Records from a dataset
○ ○ ○ ○

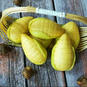 把黄色面团揉圆,搓成一头圆一头尖,用刀切上横竖纹如图,把两片叶子分别贴在两边,做成玉米的样子。依次做好
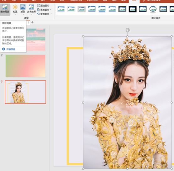首先是这种基础版,人物的穿插效果,插入图片,进行删除背景等操作【注意可用画笔保留不需要删除的部分】
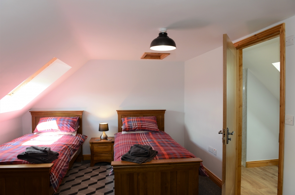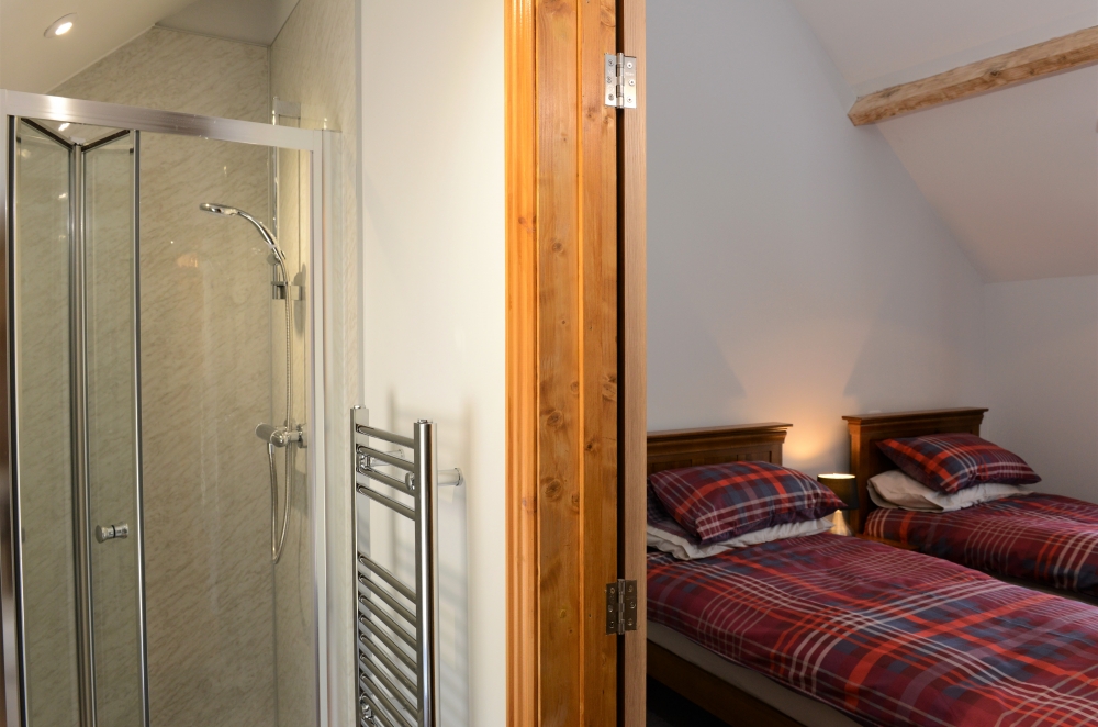 Woodcutters Cottage comfortably sleeps four with one double room and one twin room. Bathroom with walk in shower and bath. Up and downstairs toilets.
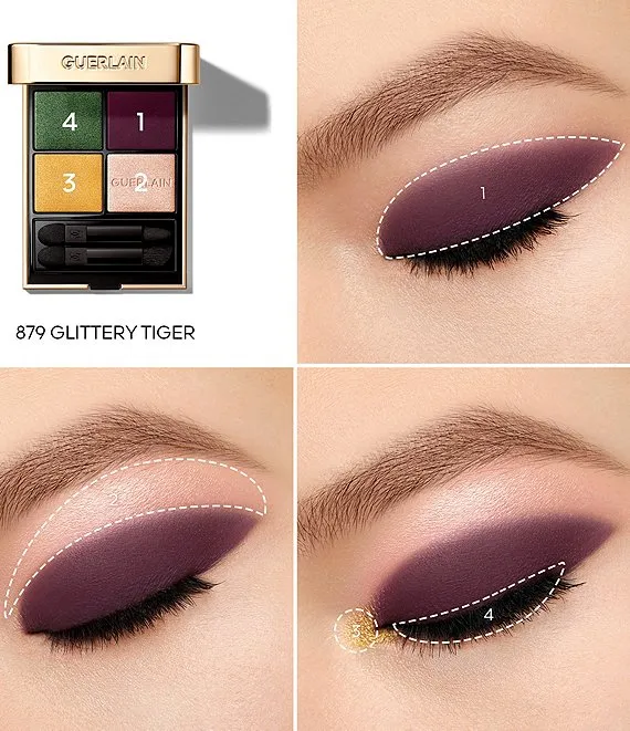 For the festive season, Violette, Guerlain's Make-Up Creative Director, has created a festive harmony in limited edition: Glittery Tiger. Inspired by the animal kingdom, she has imagined a new palette where sophisticated eyeshadow meets a fantastic animal print case. Four vibrant colors to combine for the most chic and modern look.
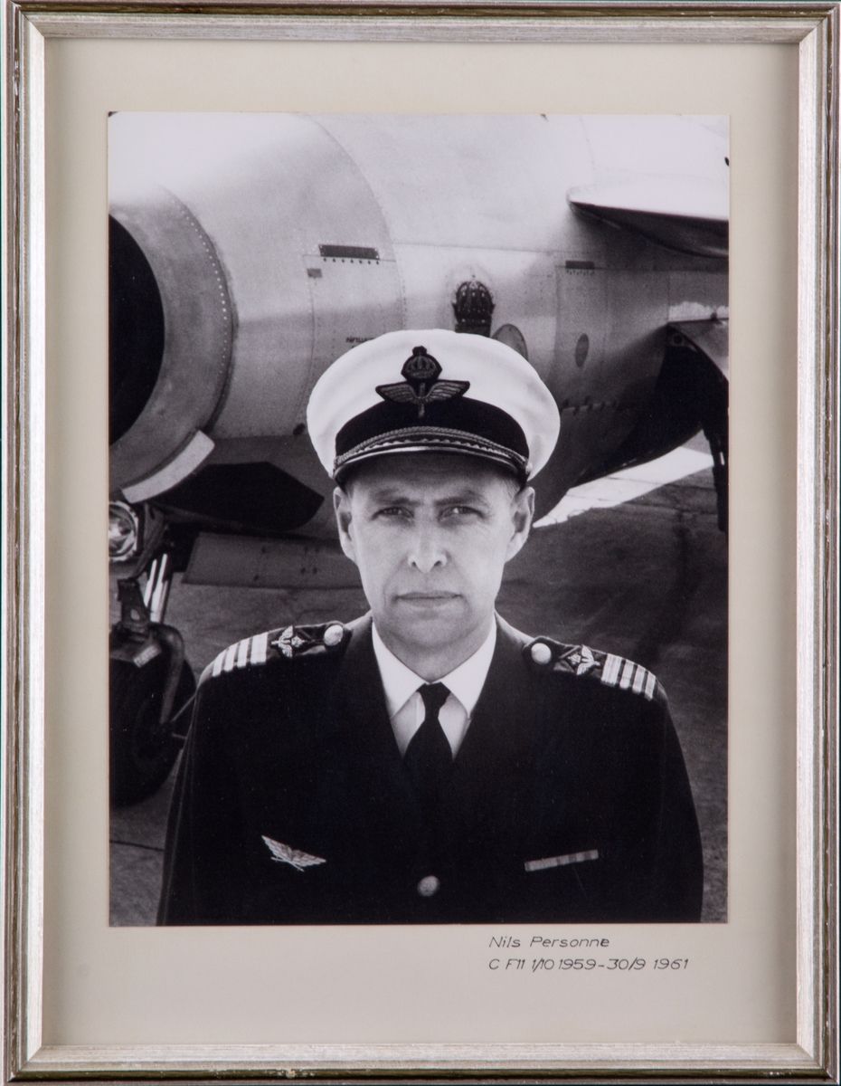 Porträttfotografi av Nils Personne, chef för F 11 Södermanlands flygflottilj 1959-1961 framför flygplan Saab 29 Tunnan. Inramat foto.
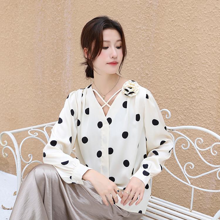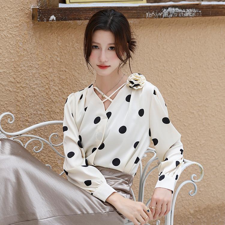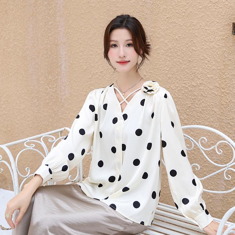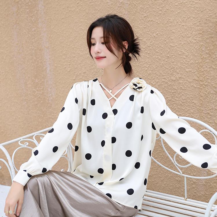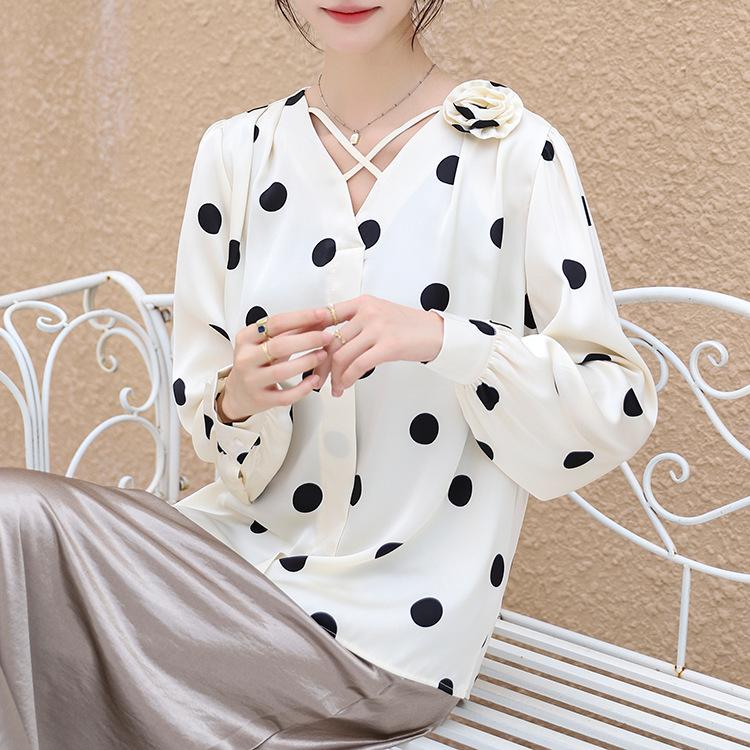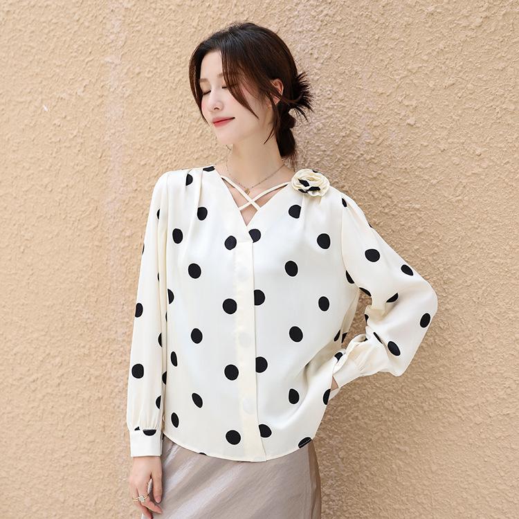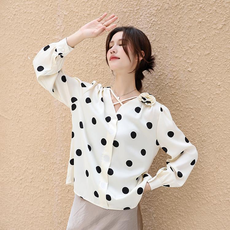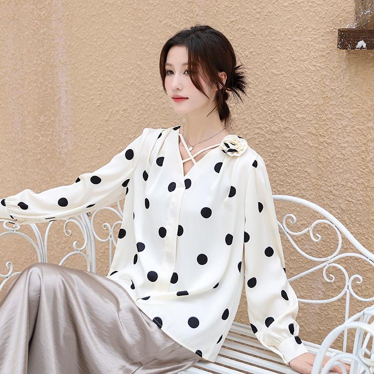 Ropa de Trabajo Ligera de Estilo Profesional Corte en V con Abertura Top de Lunares para Mujer Primavera y Verano 2025 Camisa Elegante de Satén de Acetato de Imitación
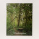 Espléndido y acogedor banco ubicado en los exuberantes bosques del Parque Nacional de Cascades del Norte, Washington.

○ ○ ○ ○

→ **TASK**: Without including any picture, print all of the entries above exactly.

→ **COMPLETED EXERCISE**:
 把黄色面团揉圆,搓成一头圆一头尖,用刀切上横竖纹如图,把两片叶子分别贴在两边,做成玉米的样子。依次做好
首先是这种基础版,人物的穿插效果,插入图片,进行删除背景等操作【注意可用画笔保留不需要删除的部分】
 Woodcutters Cottage comfortably sleeps four with one double room and one twin room. Bathroom with walk in shower and bath. Up and downstairs toilets.
 For the festive season, Violette, Guerlain's Make-Up Creative Director, has created a festive harmony in limited edition: Glittery Tiger. Inspired by the animal kingdom, she has imagined a new palette where sophisticated eyeshadow meets a fantastic animal print case. Four vibrant colors to combine for the most chic and modern look.
 Porträttfotografi av Nils Personne, chef för F 11 Södermanlands flygflottilj 1959-1961 framför flygplan Saab 29 Tunnan. Inramat foto.
 Ropa de Trabajo Ligera de Estilo Profesional Corte en V con Abertura Top de Lunares para Mujer Primavera y Verano 2025 Camisa Elegante de Satén de Acetato de Imitación
 Espléndido y acogedor banco ubicado en los exuberantes bosques del Parque Nacional de Cascades del Norte, Washington.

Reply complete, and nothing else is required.